(TASK GOAL) Look through the listing below for the line containing "2.净锅倒入大豆油烧至五成热". Copy it and each line after it up to and including the line containing "Ahead of its", exactly, leaving out pictures.

(DATASET RECORDS)
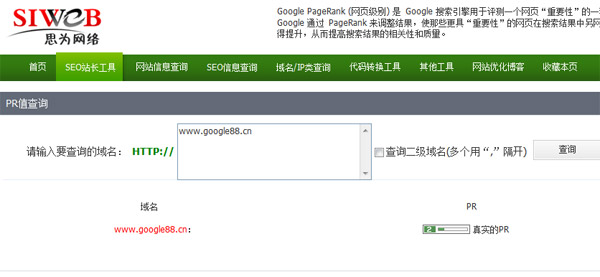 通過SEO工具查詢PR值:http://www.sw996.com/tool/pr/pr.php 查詢網(wǎng)站www.google88.cn 網(wǎng)站PR值已經(jīng)更新為2,更新時間:2010-9-24,以下是查詢圖:
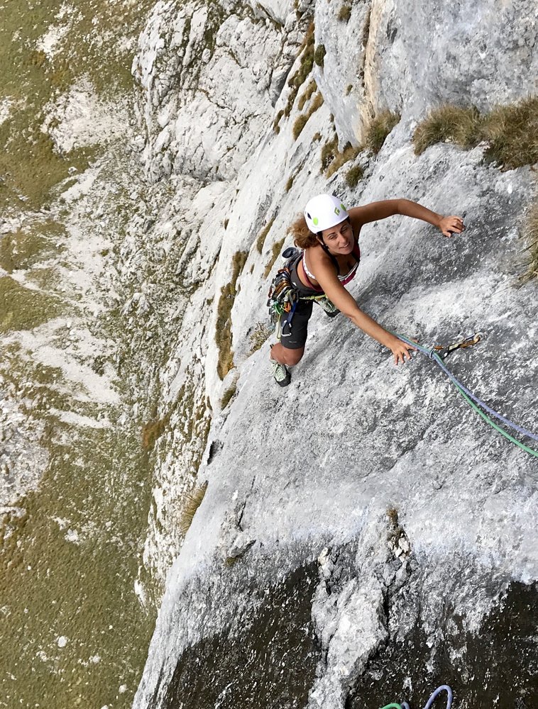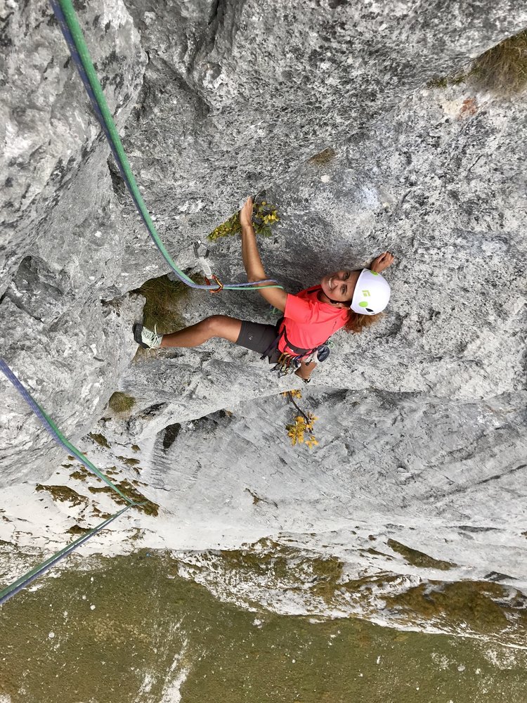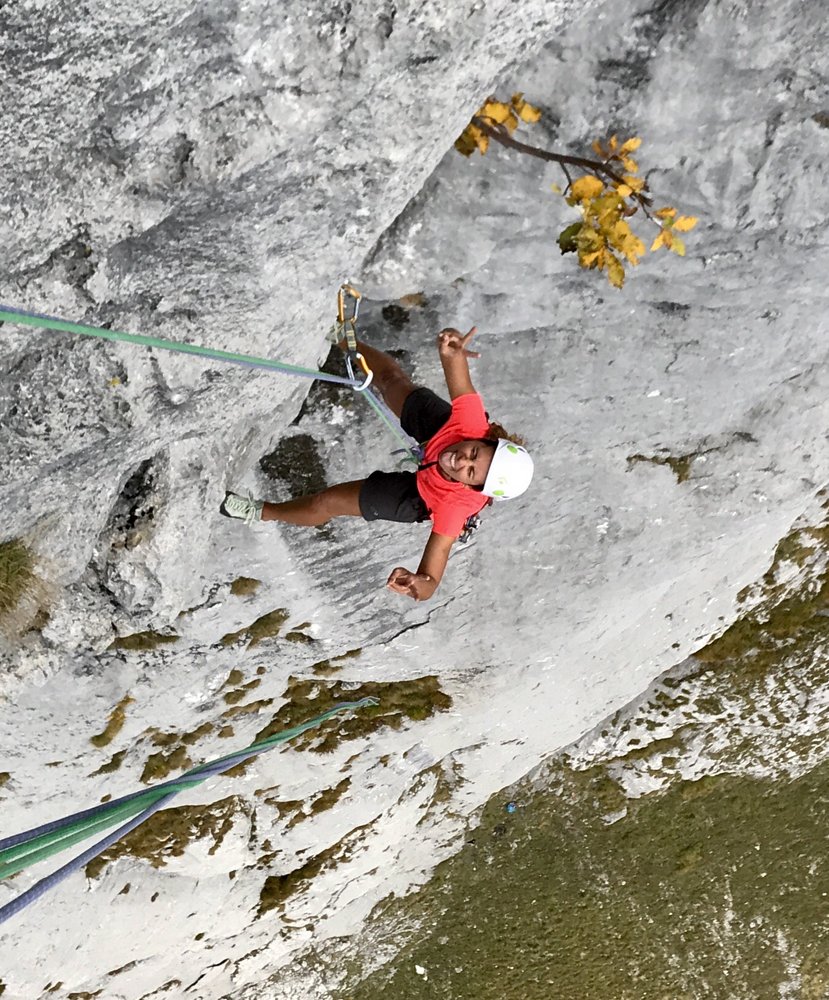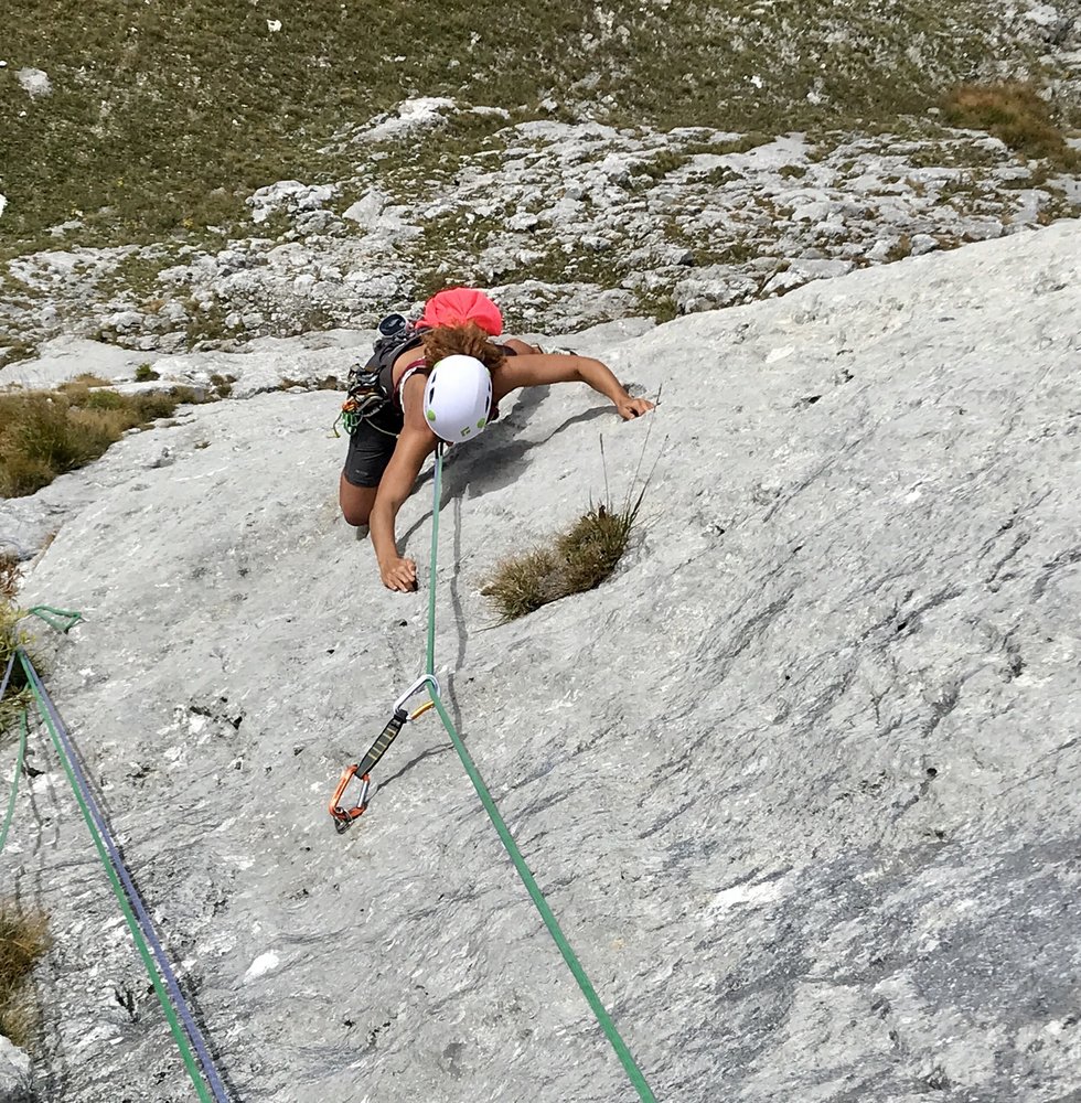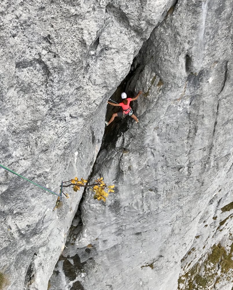 Kurze alpine Sportklettertour (insgesamt 4 Touren nebeneinander mit bis zu 5 SL) mit teilweise längeren Hakenabständen
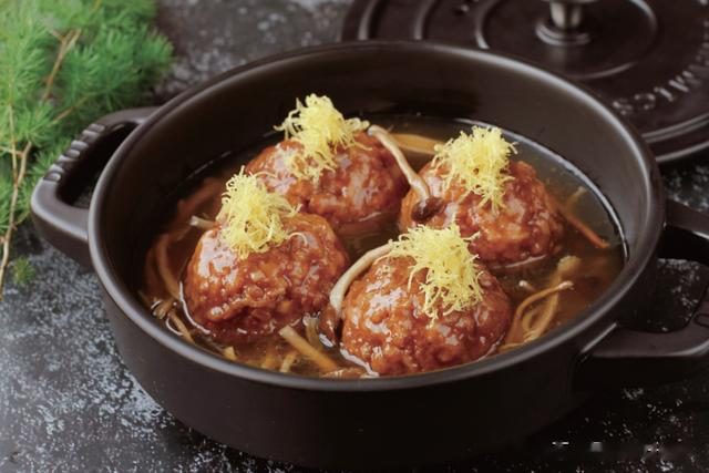2.净锅倒入大豆油烧至五成热,下入大丸子炸熟,捞出沥油。然后另入锅用鲜汤煲至外酥里软熟,取出来装盘。
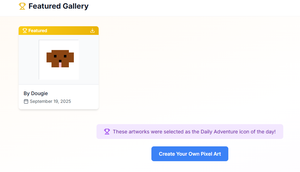 Create your pixel art using the 16x16 grid and colour palette. You can make as many as you like - there's no limit on submissions. When you're happy with it, submit it to the gallery. From there, it joins the rotation and will be featured as the daily icon when it's randomly selected.
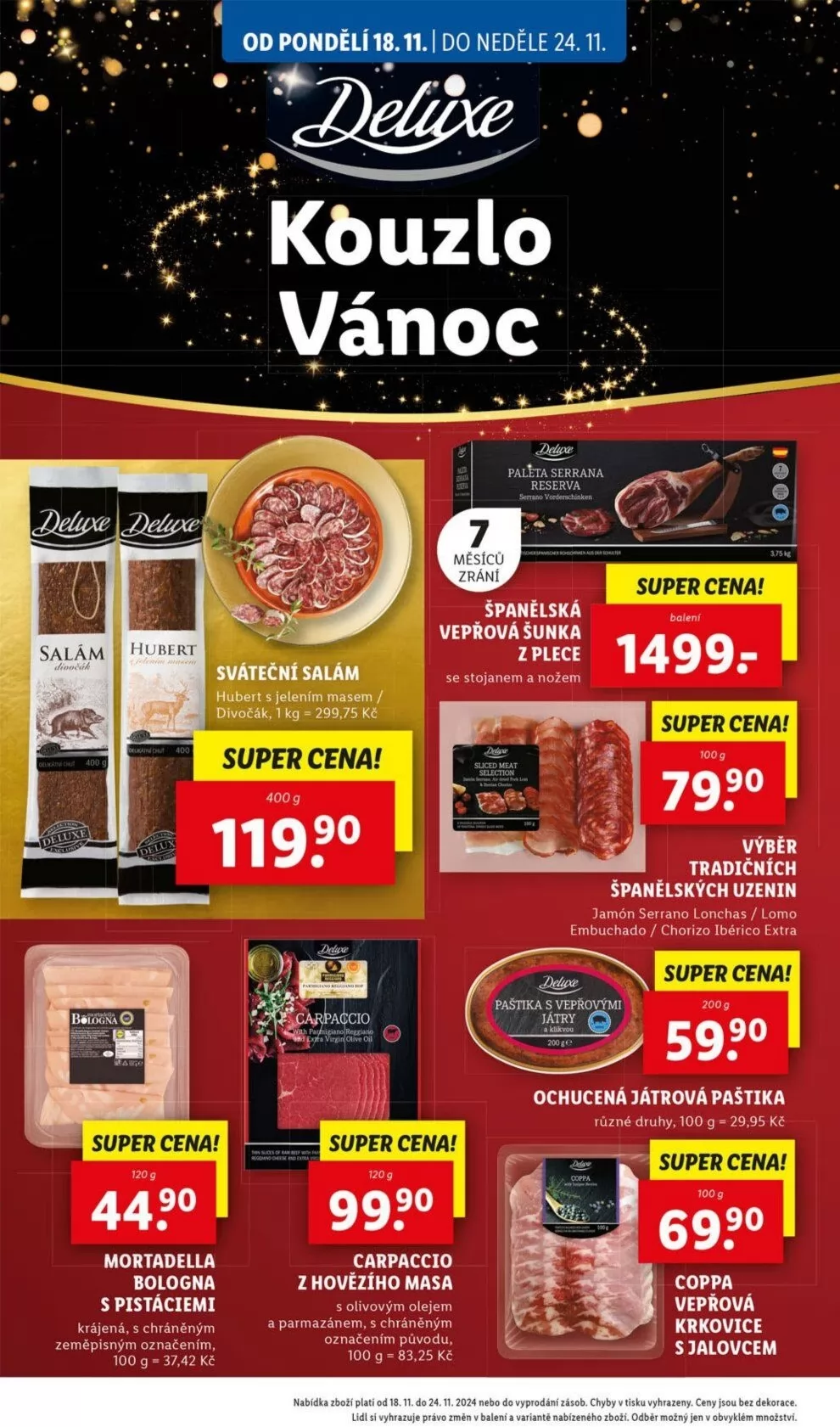 Od pondělí 18.11. do neděle 24.11. se v obchodě Lidl koná akce "Kouzlo Vánoc". V nabídce najdete široký výběr tradičních španělských uzenin, jako je jamón serrano, lomo embuchado a chorizo ibérico extra. Nezapomeňte také na sváteční salám Hubert s jelením masem a divočákem, který je k dostání za skvělou cenu 299,75 Kč za 1 kg.
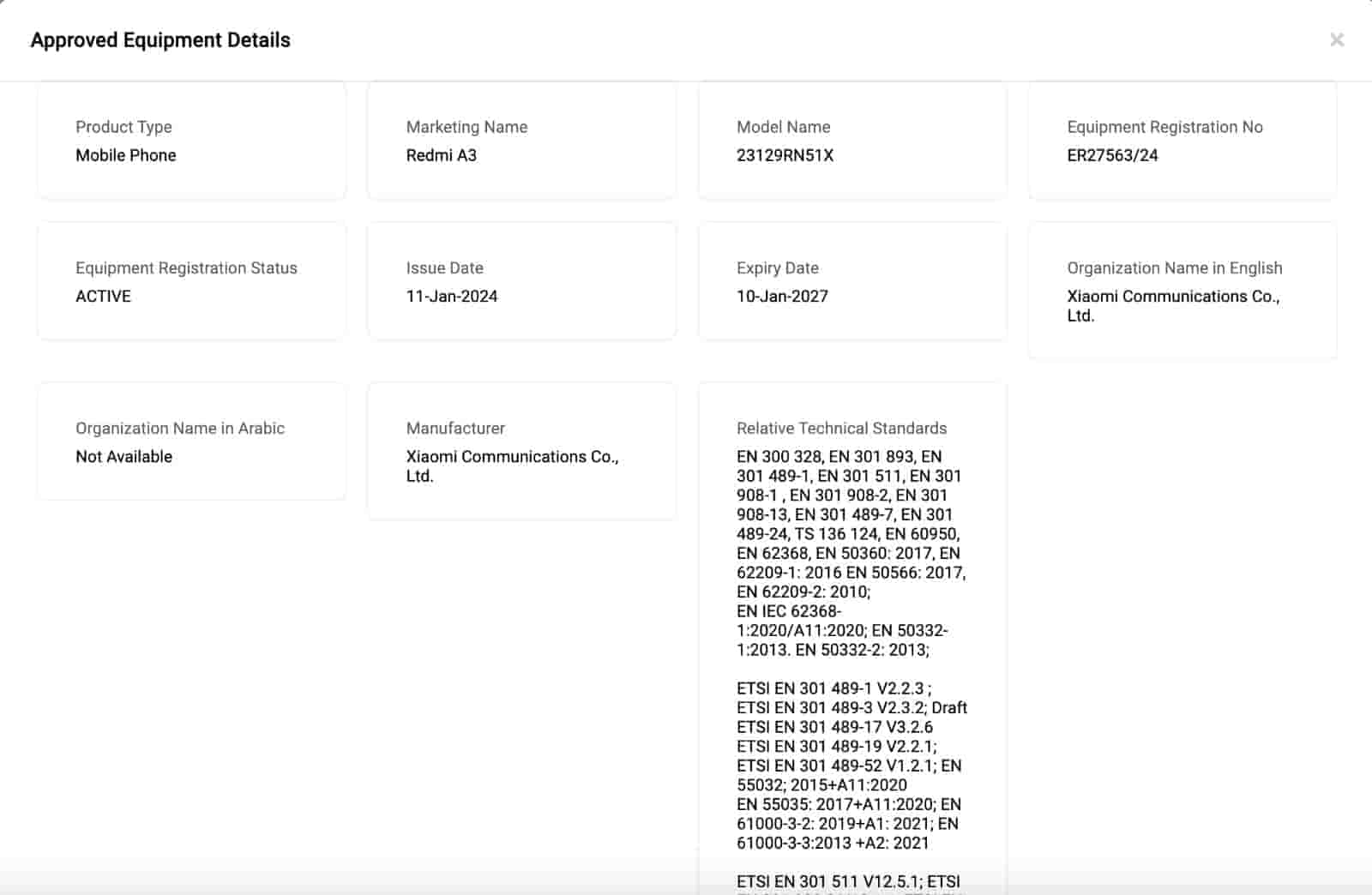 Ahead of its launch, the smartphone has once again been spotted on a certification website. Redmi A3 has been spotted on the TDRA certification website with model number 23129RN51X.
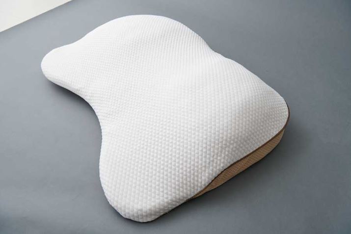 「フィット感のあるリボン型の枕は、首と肩にかかるストレスを軽減してくれます。枕の両サイドは中央部よりも高くなっており、左右に寝返りを打った際に頭をしっかり支えてくれる構造です」
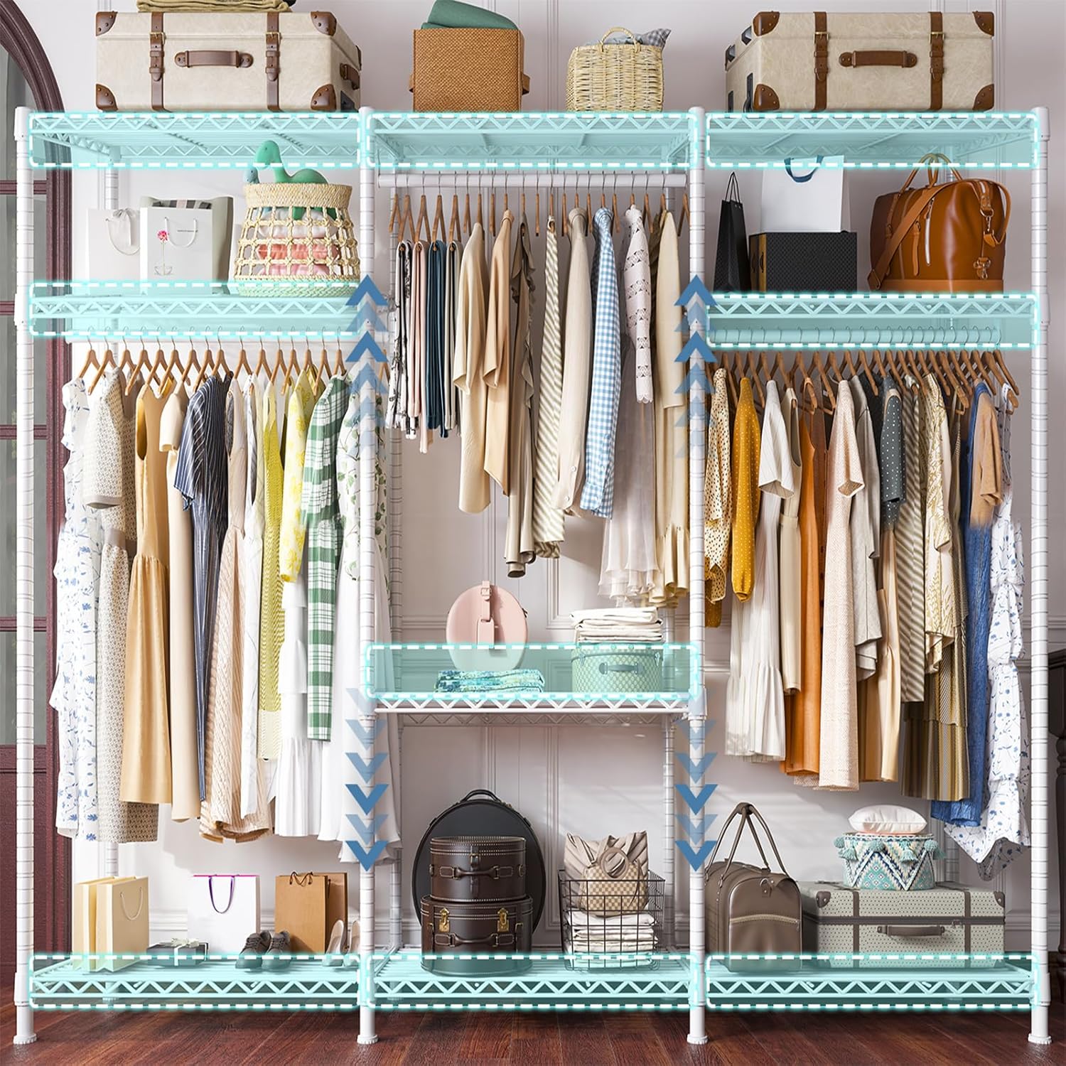 - 【9 Adjustable Shelves & 3 Detachable Hangers】The garment rack for hanging clothes are all easily adjustable and detachable by the slip-sleeve locking system, all you need to do is assemble the clips higher or lower. 9 shelves can put luggage, quilt, storage box or shoes, etc. 3 Metal hangers can hang long dress or coats saving and keeps room clean and tidy. A perfect DIY portable clothes rack meets all needs.
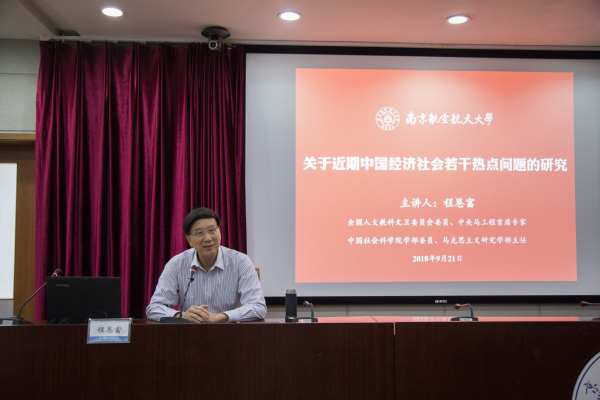 9月21日上午,ac米兰举行校院中心组(扩大)学习暨干部培训会。会议特邀全国人大教科文卫委员会委员、中央马工程首席专家、中国社会科学院学部委员、马克思主义研究学部主任、ac米兰兼职特聘教授程恩富作专题报告。校纪委书记杭育新主持会议。

(OUTPUT FOR THIS EXERCISE)
2.净锅倒入大豆油烧至五成热,下入大丸子炸熟,捞出沥油。然后另入锅用鲜汤煲至外酥里软熟,取出来装盘。
 Create your pixel art using the 16x16 grid and colour palette. You can make as many as you like - there's no limit on submissions. When you're happy with it, submit it to the gallery. From there, it joins the rotation and will be featured as the daily icon when it's randomly selected.
 Od pondělí 18.11. do neděle 24.11. se v obchodě Lidl koná akce "Kouzlo Vánoc". V nabídce najdete široký výběr tradičních španělských uzenin, jako je jamón serrano, lomo embuchado a chorizo ibérico extra. Nezapomeňte také na sváteční salám Hubert s jelením masem a divočákem, který je k dostání za skvělou cenu 299,75 Kč za 1 kg.
 Ahead of its launch, the smartphone has once again been spotted on a certification website. Redmi A3 has been spotted on the TDRA certification website with model number 23129RN51X.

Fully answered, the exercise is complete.